WTF? I saw the answer right away by looking at the statement. I immediately noticed it was linear functions only, because I am a genius, would that be a valid answer?
It's one of those questions where you immediately know the answer but you have to come up with a way to prove it. Great video!
Well i guess we immediately know that linear functions are part of the solutions, but do we know for sure there are no other solutions? I guess that's the tricky part :)
lol exacty. linear functions were the first thing that came to my mind after reading the problem.
You do? I didn't. Still a good video.
You do? I didn't. Still a good video.
Yes, exactly the same happened to me. I was like: Clearly is a linear function and it's easy to show that a linear function is a solution, now show that it's the only one.

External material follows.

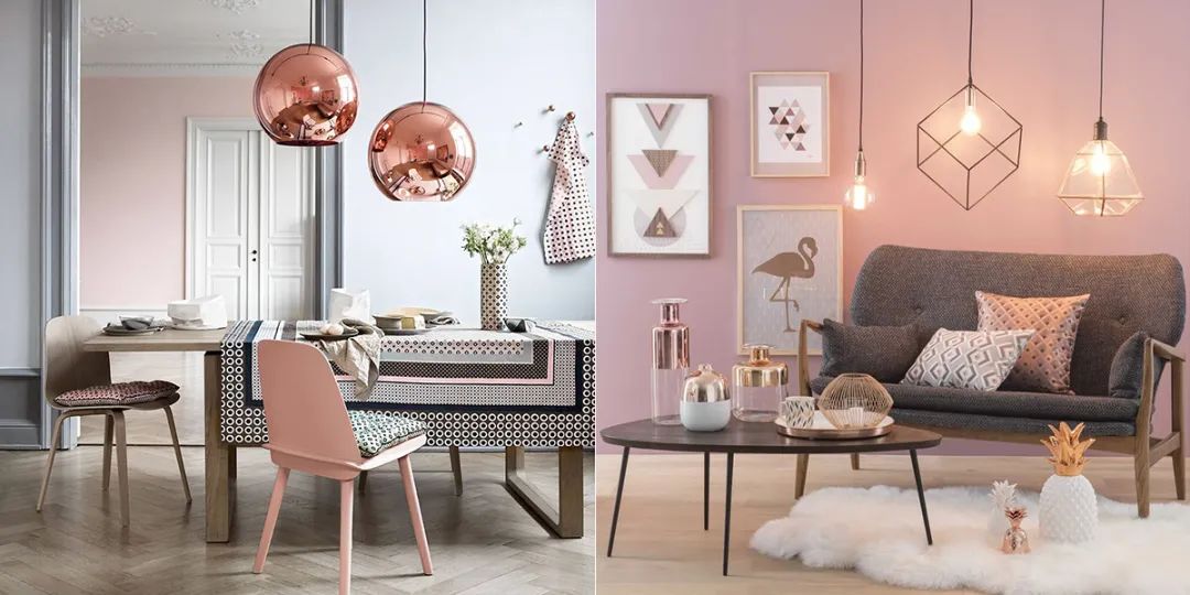 “玫瑰金”餐桌、 “玫瑰金”燈具或者 “玫瑰金”桌面飾品,它可以無處不在,它的存在能提升家居環境的檔次且不顯庸俗,這是一種溫暖和諧的搭配。
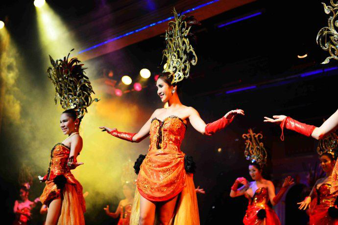 泰国人妖倾情助阵现场,载歌载舞,火辣开秀,大家能近距离欣赏艳丽、张扬的表演!

Technically, we should also check that all the linear functions satisfy the equation, since not all of the transformations are reversible here.
I work the other way around, first show that a linear function (any) satisfy the question, then show that only a linear function will do.
Once we got to f’(x) = c, we have already proven that all linear functions satisfy the equation. If we integrated f’(x) = c with respect to x, we will get: f(x) = cx + k, which is the general equation for all linear equations.
@@PythonPlusPlus Technically we've only proved that linear functions satisfy the equation for n = 1 and n = 2. I think we need one more step to show that any linear function satisfies the equation for all n which is straightforwards by plugging f(x) = cx + k, f'(x) = c into the original equation and simplifying.
@@OMGclueless this equation is the same as saying when does the tangent equal the secant line right since what we have in the right hand side of the equation is in fact the average rate of change as x goes from x to x plus n..
@@leif1075 that's what I thought :)) I think u can do this in 4 lines using mean value theorem
It has been awhile since I got my degree in math and I really, really enjoy your videos and it has helped me refresh my love for mathematics.
Hello, I remember a Russian professor I had years ago mentioning a question quite similar to this one being asked in oral exams during the Soviet times. The answer of course, was rather simple based on intuition, but it was explaining it to your interlocutor which would have been the more difficult part.
Right!, nothing like two interlocutors who demand precision and clarity in their dialogue.
Strictly speaking: The proof is incomplete. At the end of the video it is shown that linear functions are the only possible solutions. The easy part of verifying that indeed all of them are solutions is missing.
Exactly.
Thank you, I was thinking that what he did was demonstrate that only lines can possibly satisfy the equation for all n, since only lines do for n=1,2. And like you said, it's really easy to verify that any line c*x+d does indeed satisfy the equation.
Lol 9/10 for Michael 😂
With my luck, if submitted this incomplete proof, I'd get a 2/10. :/
@@ThaSingularity how do you verify that then?
Should've seen that solution coming... Really nice exposition.
This is easier than any putnam problem I've ever seen...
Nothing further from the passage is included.